For each checker we'll have two ghost-checkers available. So we'll have $3k$ units available, where $k$ is the number of checkers. For each checker X with just two neighbors A, B: place the two ghost-checkers for X on the two squares adjacent to X different from A and B. For each checker with three neighbors, place one of its ghosts on the fourth adjacent square and keep the other. For each checker with four neighbors, keep both of its ghosts.

For each checker X with just one neighbor A, place the two ghost-checkers for X on the squares adjacent to X different from A and its opposite. (Of course there are no lonely checkers since the graph is connected). When we're done there may be squares covered more than once, and there may be ghosts outside the board; it doesn't matter. The only squares that may be left uncovered are those squares A with just one checkered neighbor X, where X has just one checkered neighbor itself (call it Y), and A, X, Y are collinear.
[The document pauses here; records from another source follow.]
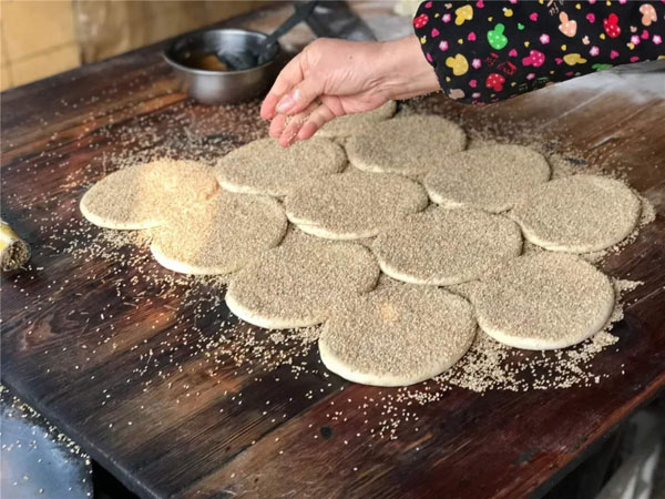 常州大麻糕已經有150多年的歷史,常武各地的麻糕師傅、麻糕店數不勝數,但今天小編要帶大家去的是一家隱藏在背街小巷里,至今仍保持著傳統(tǒng)手工制法的麻糕店。 沈正昌麻糕店位于遙觀鎮(zhèn)東街、國寧寺旁,雖然店門口連個招牌都沒有,卻不妨礙四面八方的食客慕名而來,大伙看中的正是這些純手工制作,原汁原味的大麻糕。如今的店主沈國平已經是沈家第四代做麻糕的傳人了。 秉承著爺爺那輩傳下來的手藝,他們制作的麻糕塊大實誠,用料講究,口感酥軟,深受四周鄉(xiāng)鄰的歡迎!拔覀冞是老法,酥是生板油身擦的,餡里也是生板油摻糖,是真的綠色產品,沒有添加劑,沒有防腐劑,也不用甜蜜素,都是真家伙! 每天凌晨一兩點鐘,沈國平就要去采買當天最新鮮的豬板油,回來清理干凈,和上面粉攪拌均勻,制成面團。麻糕的制作主要由沈國平妻子和兩個姊妹來完成。揉面、搓胚子、配油酥,按餡心、搟均勻,整個過程行云流水,連貫無比。 當爐火燒得正旺,溫度能高達近300度,沈國平就上場了,赤手空拳,一撈一貼,一秒鐘的功夫,就把麻糕貼到了桶壁上。不過幾分鐘的功夫,麻糕就出爐了。經過炭火爐子烤出來的,比一些電烤爐烤出的更香、更脆。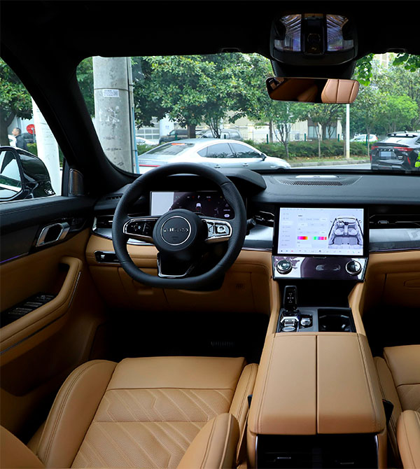 Inside, the Lynk & Co 09 merges Scandinavian minimalism with Eastern luxury. The horizontally oriented T-shaped dashboard integrates a 12-inch floating touchscreen and a 12.3-inch digital instrument cluster, powered by the Qualcomm Snapdragon 8155 chip for smooth and responsive operation. The dashboard is wrapped in premium Nappa leather with double stitching, complemented by aluminum panels and laser-etched ambient trim for layered visual texture. The perforated leather-wrapped steering wheel ensures both tactile comfort and intuitive control.
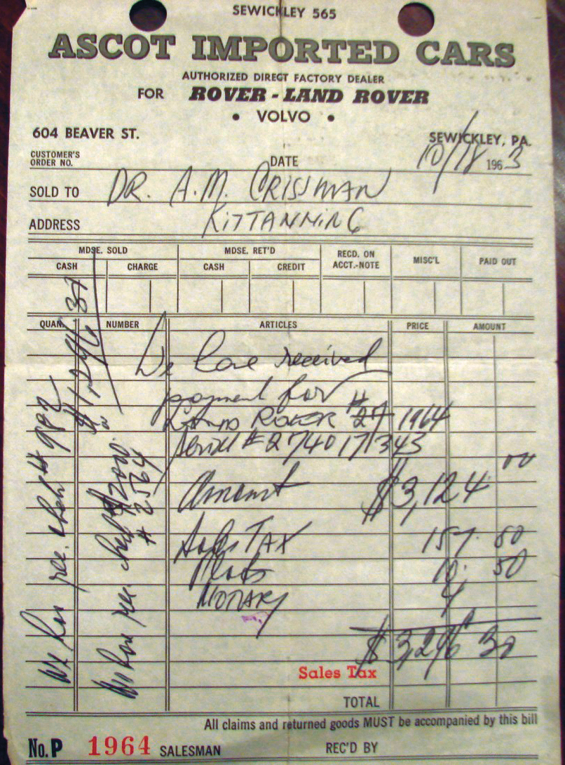 The salesman tried to dissuade him, but Bimmer ordered a diesel Series II-A. He picked it up at the docks in Newark, NJ, and drove it back to the Pittsburgh area.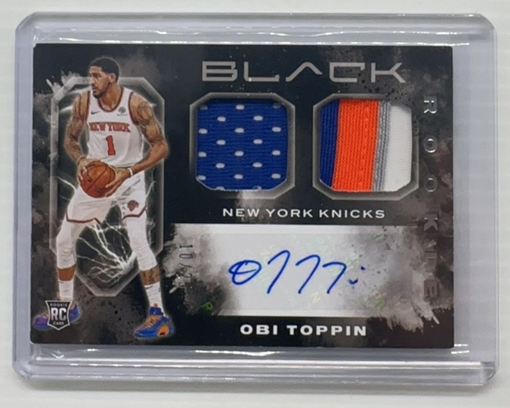 The Obi Toppin 2020 Black #RMA-OBI Rookie Memorabilia Autographs - Silver /25 card is 1 of 24 Obi Toppin's card variations in the 2020 Black set being tracked by Sports Card Investor, including Base /149, Swirlorama /65, Rainbow Spokes /49, Diamond Awe /25, and Small Hyperplaid /5.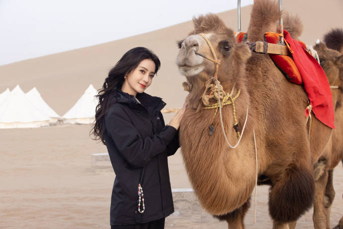 Angelababy現(xiàn)身沙漠參加活動(dòng) 與駱駝貼貼笑容甜美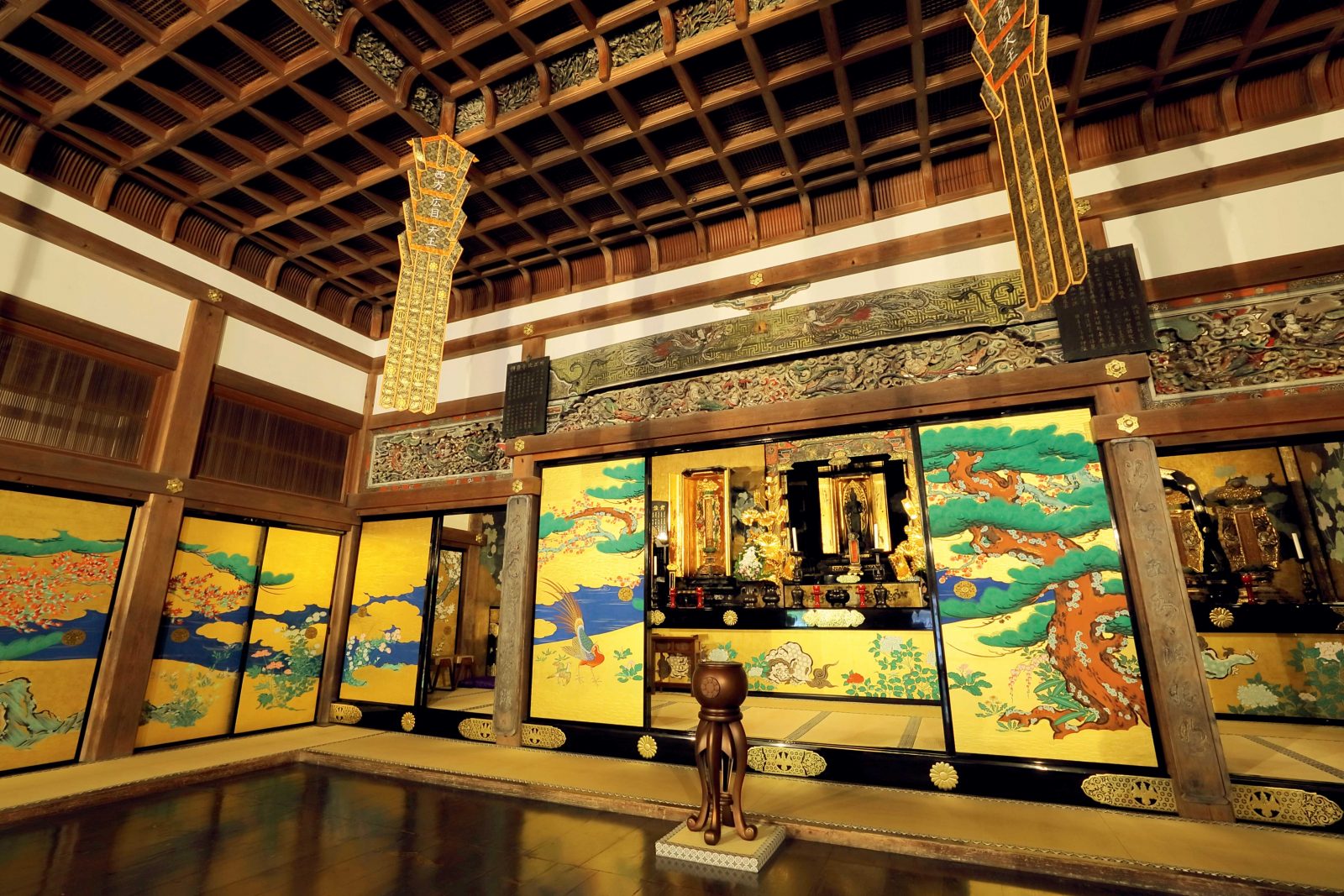 本堂の室中、孔雀の間。普段は立入禁止だが、運が良ければ体験会の前に室内で鑑賞ができる。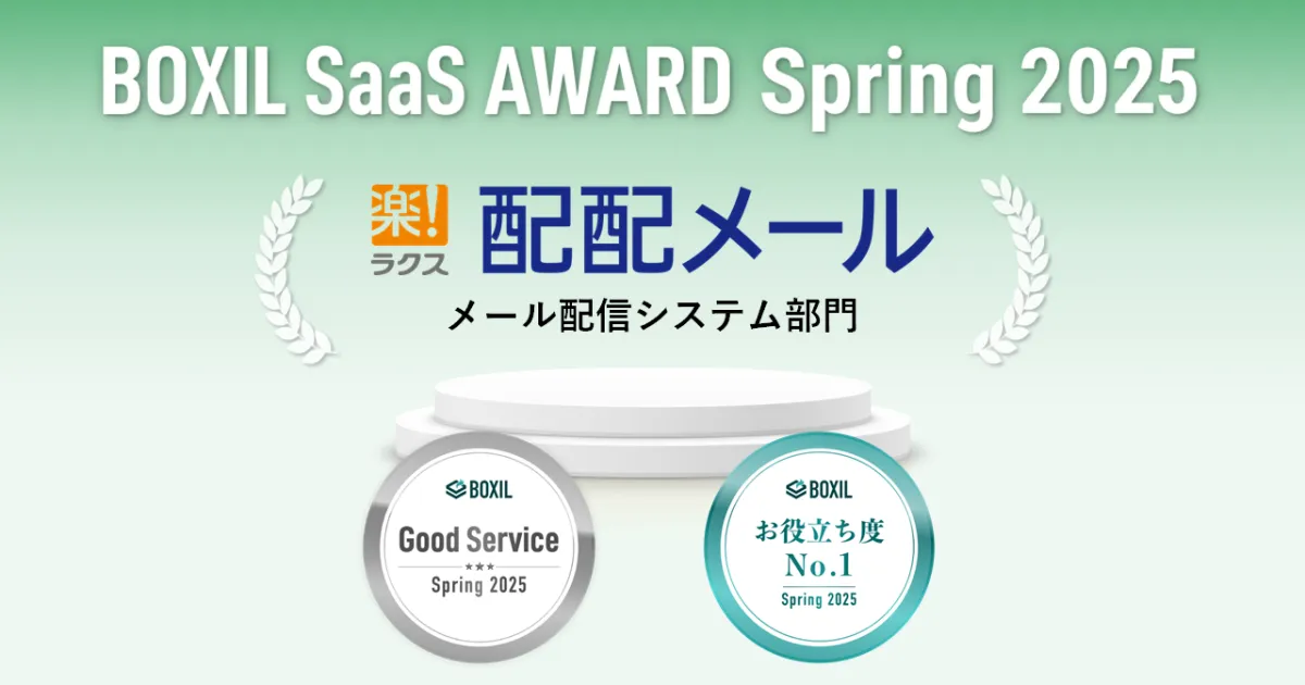 メールマーケティングのリーダーとして知られる『配配メール』が、スマートキャンプ株式会社が主催する「BOXIL SaaS AWARD Spring 2025」において、メール配信システム部門で「Good Service」及び「お役立ち度No.1」に選ばれました。これは、同サービスの有用性や利便性が際立っていることを示す重要な評価です。

Now note that, for the connected graph formed by the checkers, the number of "endpoints" of the graph (that is, checkers with just one neighbor) is at most 2+the number of checkers with 3 neighbors+twice the number of checkers with 4 neighbors (the event "a checker with 4 neighbors" is equivalent to the event "a checker with 3 neighbors" ocurring two different times), which is easy to prove by induction (take an endpoint, go along the graph till you find a point where the path has two or more branches, and remove the string connecting the taken endpoint to the rest of the graph; if we find no points where it branches out, it must be a simple path with just 2 endpoints). This means that using the checkers we'd kept before, we can cover all the yet uncovered squares except at most 2, so $3k \geq n^2-2$, which is what we wanted to prove.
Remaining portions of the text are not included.